We are a busy bunch here in the Columbia Gorge. We have children to raise, parents to tend to, nature to enjoy, friends to see, life to live. Keeping ourselves healthy sometimes takes a back burner, and aren’t we lucky when it can!
Pippa Newell
Why then should we schedule mammograms?
The reasons are: Breast cancer is quite common; breast cancer is curable, especially if it’s caught early; and mammograms can detect breast cancers at an early stage.
Let’s start with the sobering facts about breast cancer. One out of eight women will be diagnosed with breast cancer at some point in their lives. It is the second leading cause of cancer-related death in American women.
Some good news: Most women who get diagnosed with breast cancer can be cured with a combination of surgery and some mix of radiation, chemotherapy, and hormone based therapy. By cure I mean, live their normal life spans. The percentage of patients who live long lives after being diagnosed with breast cancer grows every decade thanks to earlier detection and more effective treatments. For example, researchers at Providence Cancer Center and around the globe are currently enrolling patients with breast cancer to trials studying the efficacy of immune therapy. This combination of therapies has been successful: In 1975, only about 75% patients survived 5 years after a diagnosis of breast cancer; in 2010, over 90% survived 5 years or more.
The recommended screening test is the mammogram. This is a radiology test in which the breasts are fit snugly into a machine that images the entire breast. If the screening test is suspicious, the patient will be asked to return for a more zoomed in view. Based on these tests, a radiologist may recommend a needle biopsy. If the biopsy shows suspicious cells or cancer, the patient is sent to a surgeon to talk about removing the mass and sampling the lymph nodes in the axilla, because those nodes are the first place cancer cells would be detected if they had started to spread. This information is important because it impacts prognosis and subsequent treatments.

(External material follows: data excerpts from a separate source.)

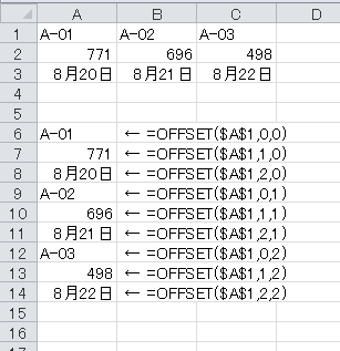 こうした関数を1つずつ入力するのは現実的ではありません。最初の数式を作成して、下方向にコピーすれば、自動的に適切な数式が作成されると便利です。そのためには、OFFSET関数の引数が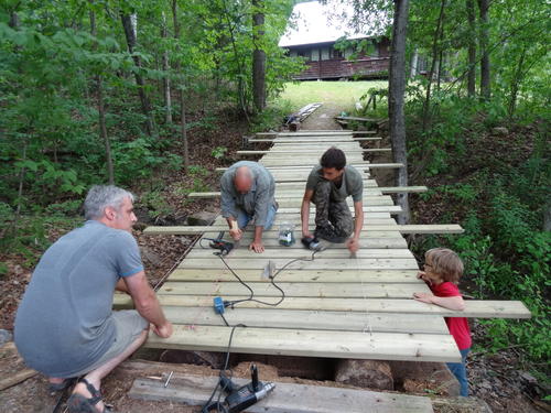 One of the beams on one end of the bridge seemed to be a little bit "low" so we took the decking
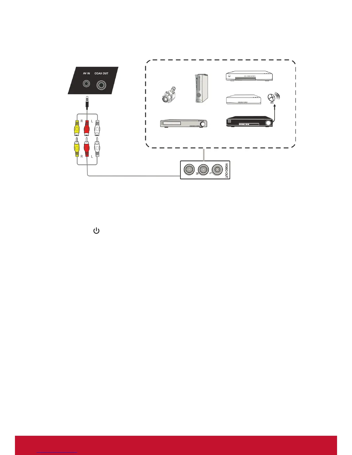 ports of a peripheral device (AV cable: Yellow is Video, Red is Audio-R, White is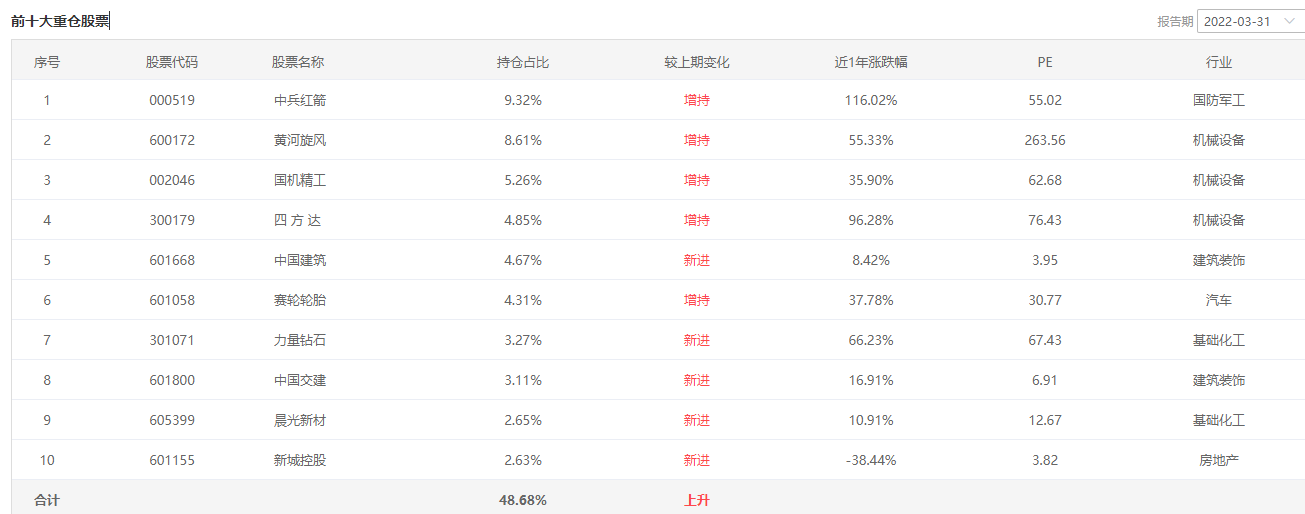 以代表产品为例,根据基金定期报告显示,重仓行业分布主要在基础化工、机械、国防军工配置比例均值较高,分别为30.51%、16.92%和10.12%,而最新一期的重仓持股中,轻工制造、机械、有色金属的配置比例较高。这也与李淑彦在研究员时期专攻的领域息息相关。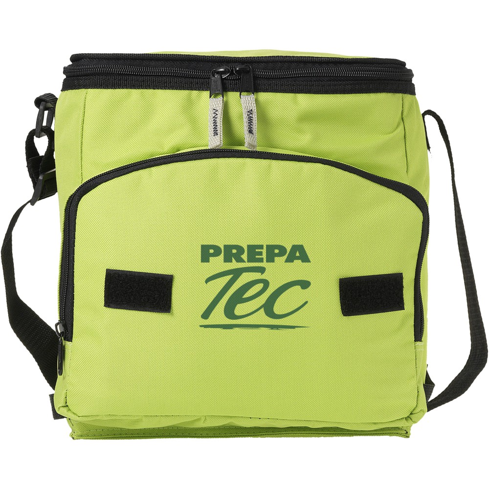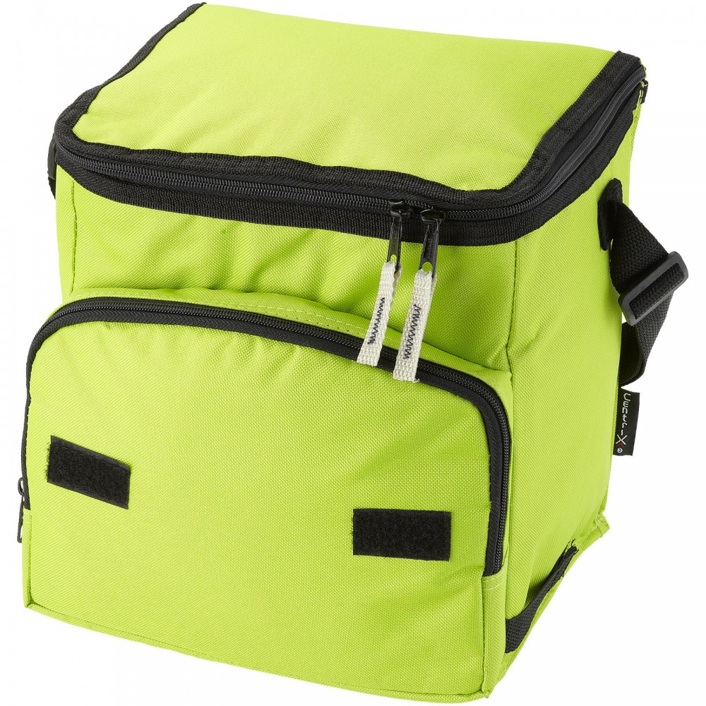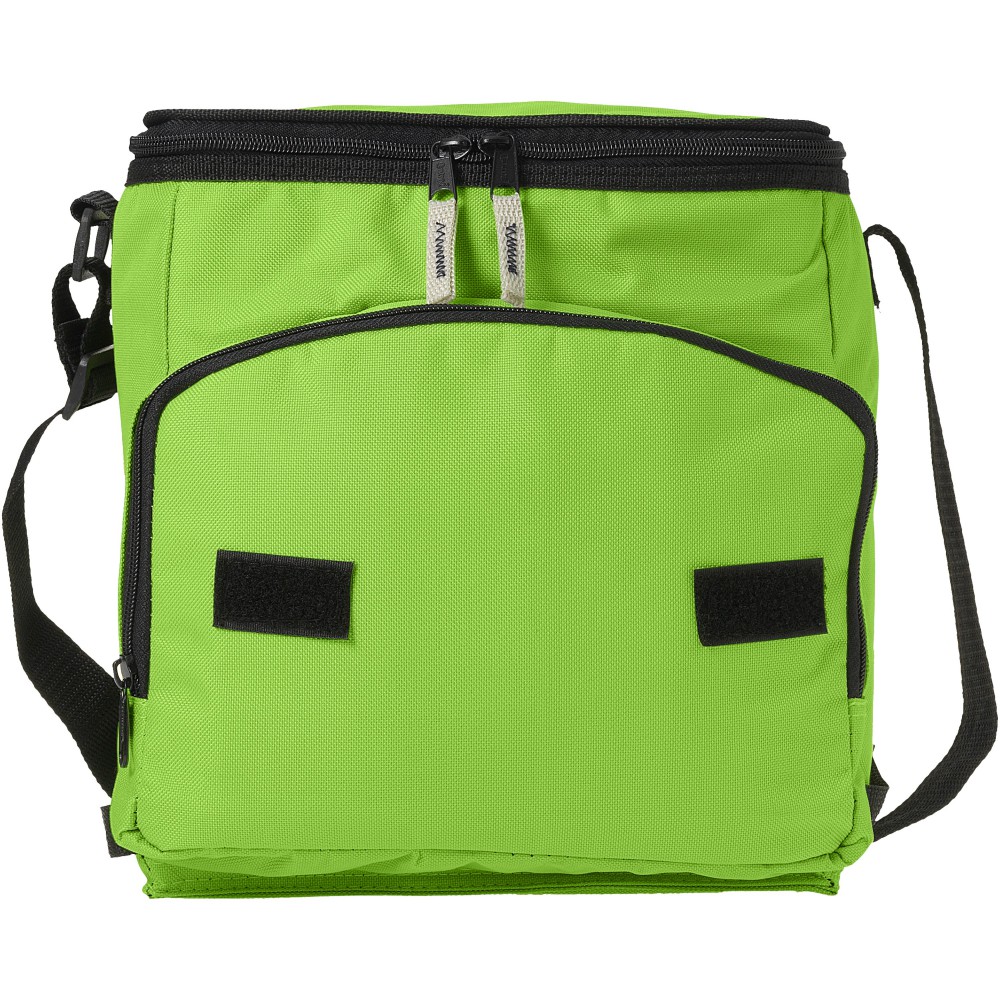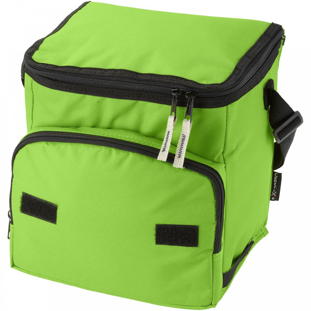 Összehajtható hűtőtáska cipzáras fő rekesszel és cipzáras elülső zsebbel. Állítható vállpánt. A hűtőtáska laposra hajtható az elülső zseben található horog és hurok segítségével. Egyéb kiegészítőt nem tartalmaz.

There is not a consensus on when a woman should start having screening mammograms, and how often she should have them. Why not? Because there are some risks of mammogram, including radiation exposure, cost, anxiety, and false positive findings resulting in unneeded procedures. The benefit of decreased risk of dying from breast cancer needs to be weighed against these risks, and these risk vary patient to patient. There are a number of validated breast cancer risk assessment tools available. Sometimes, patients have genetic risk factors such as a family history of breast cancer or BRCA mutation. Some risks can be modified, such as smoking, alcohol, and body mass index. Other risk factors have to do with exposure to estrogen over a patient’s lifetime. Patients with a greater than 20% lifetime risk are considered high risk, and may opt for more intensive screening that includes alternating contrast enhanced breast MRI with mammogram every 6 months.
For woman at “average risk,” the U.S. Preventative Task Force recommends mammograms once every two years for women aged 50-75. On the other end of the spectrum, the National Comprehensive Cancer Network recommends annual mammograms starting at age 40 until the patient’s other medical conditions limit life expectancy to 10 years or less. Most of the organizations, USPTF included, recommend that starting at age 40, all women be counseled about the risks and benefits of mammography, and be allowed to decide themselves about timing of initial mammogram and frequency of mammograms. To summarize, it seems reasonable that women aged 40-50 should choose how often/how early to be screened based on known risk factors, with the understanding that all women should start getting mammograms at least every 1-2 years starting at age 50.
Dr. Newell attended University of Arizona for medical school, followed by a general surgery residency at Mount Sinai Hospital in New York, N.Y. In 2010, she moved to Portland to begin a Hepatobiliary and Pancreatic Surgery Fellowship at Providence Portland Medical Center. In 2012, Dr. Newell was hired as a liver/pancreas surgical specialist at the Oregon Clinic, where she worked for eight years. She then became the Medical Director of the Liver Cancer Program at Providence Cancer Institute and is now part of the general surgery team at Providence Hood River Memorial Hospital. When she’s not working, Dr. Newell enjoys exploring the outdoors around Hood River with her two boys, Rocky and Bode.